Source information:
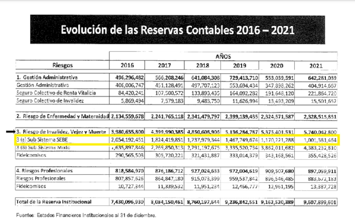 Prueba de ello es que al cierre de 2021 las reservas institucionales del subsistema de pensiones terminaron en $1,001 millones, lo que significó una reducción de 14% o $169 millones al comparar el resultado con el del año 2020.
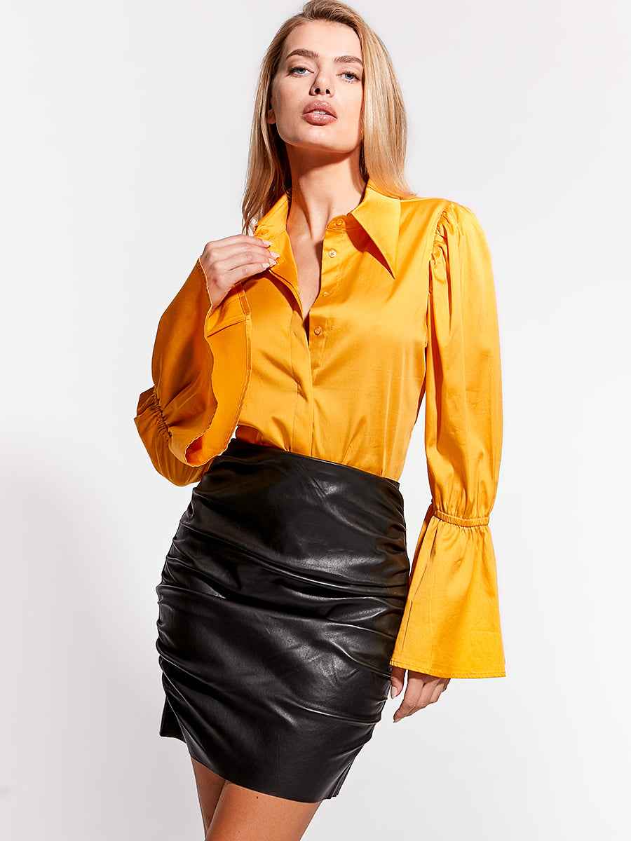 For your next soire, make our Everly Stretch Leather Skirt the starting point for your ensemble. Made from supple stretch lambskin leather, it's gathered along the sides and for an especially flattering finish. Pair yours with our Alba Blouse for an envy-inducing evening out...
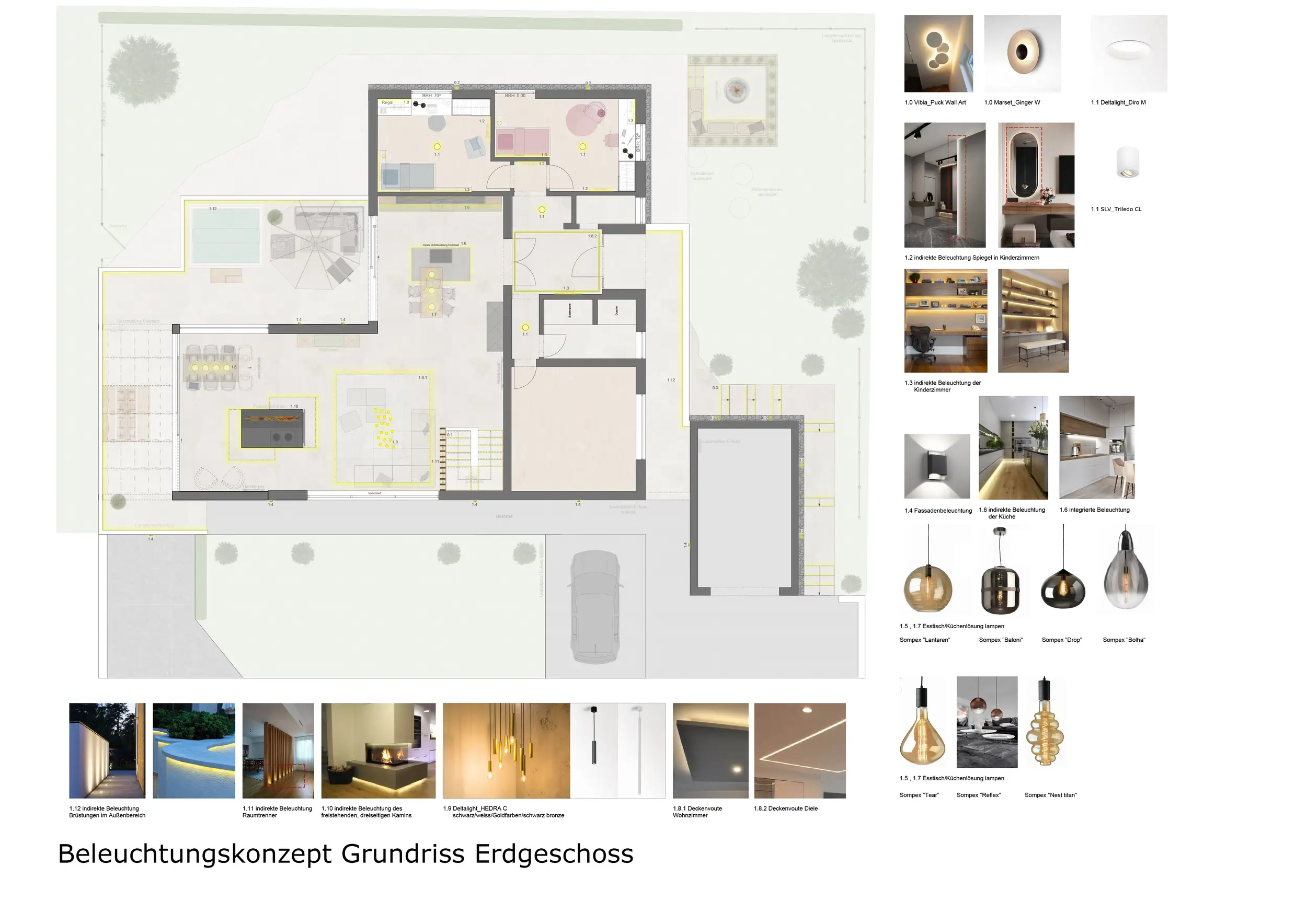 Das vorliegende Beleuchtungskonzept basiert auf dem finalen Gestaltungskonzept und verfolgt das Ziel, eine harmonische und funktionale Lichtgestaltung zu schaffen, die sowohl ästhetischen Anforderungen als auch den praktischen Bedürfnissen der Räume gerecht wird.
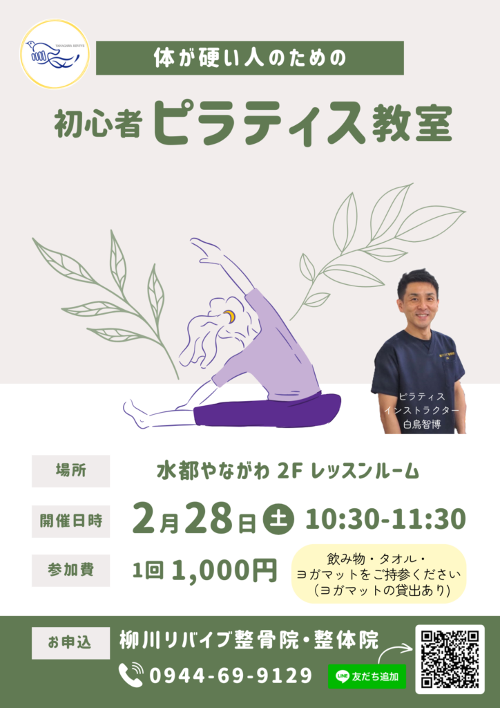 2月28日(土)に初の「体がかたい人のためのピラティス教室」を開催します。
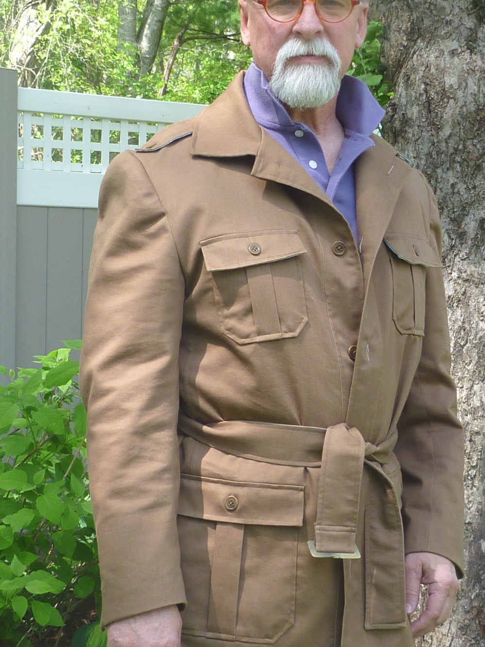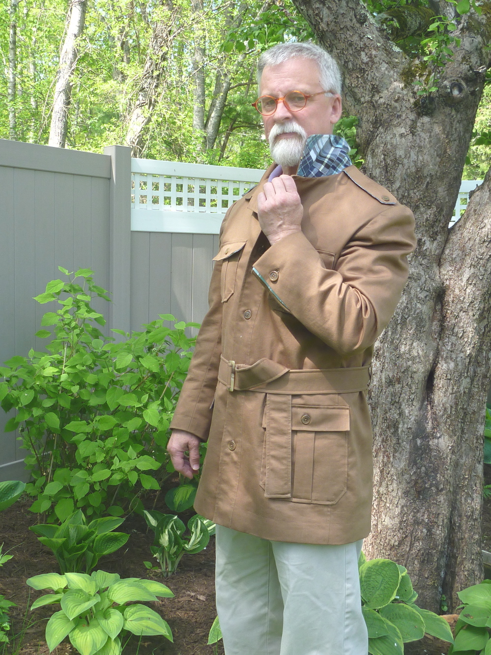 All the loose threads are clipped. All the buttons are sewn on. The sun is shining so it’s time to get outside and model the circa 1975 safari jacket.

Problem details:
The answer must match the entries above line for line, with the pictures dropped.

Solution for this exercise:
 Prueba de ello es que al cierre de 2021 las reservas institucionales del subsistema de pensiones terminaron en $1,001 millones, lo que significó una reducción de 14% o $169 millones al comparar el resultado con el del año 2020.
 For your next soire, make our Everly Stretch Leather Skirt the starting point for your ensemble. Made from supple stretch lambskin leather, it's gathered along the sides and for an especially flattering finish. Pair yours with our Alba Blouse for an envy-inducing evening out...
 Das vorliegende Beleuchtungskonzept basiert auf dem finalen Gestaltungskonzept und verfolgt das Ziel, eine harmonische und funktionale Lichtgestaltung zu schaffen, die sowohl ästhetischen Anforderungen als auch den praktischen Bedürfnissen der Räume gerecht wird.
 2月28日(土)に初の「体がかたい人のためのピラティス教室」を開催します。
 All the loose threads are clipped. All the buttons are sewn on. The sun is shining so it’s time to get outside and model the circa 1975 safari jacket.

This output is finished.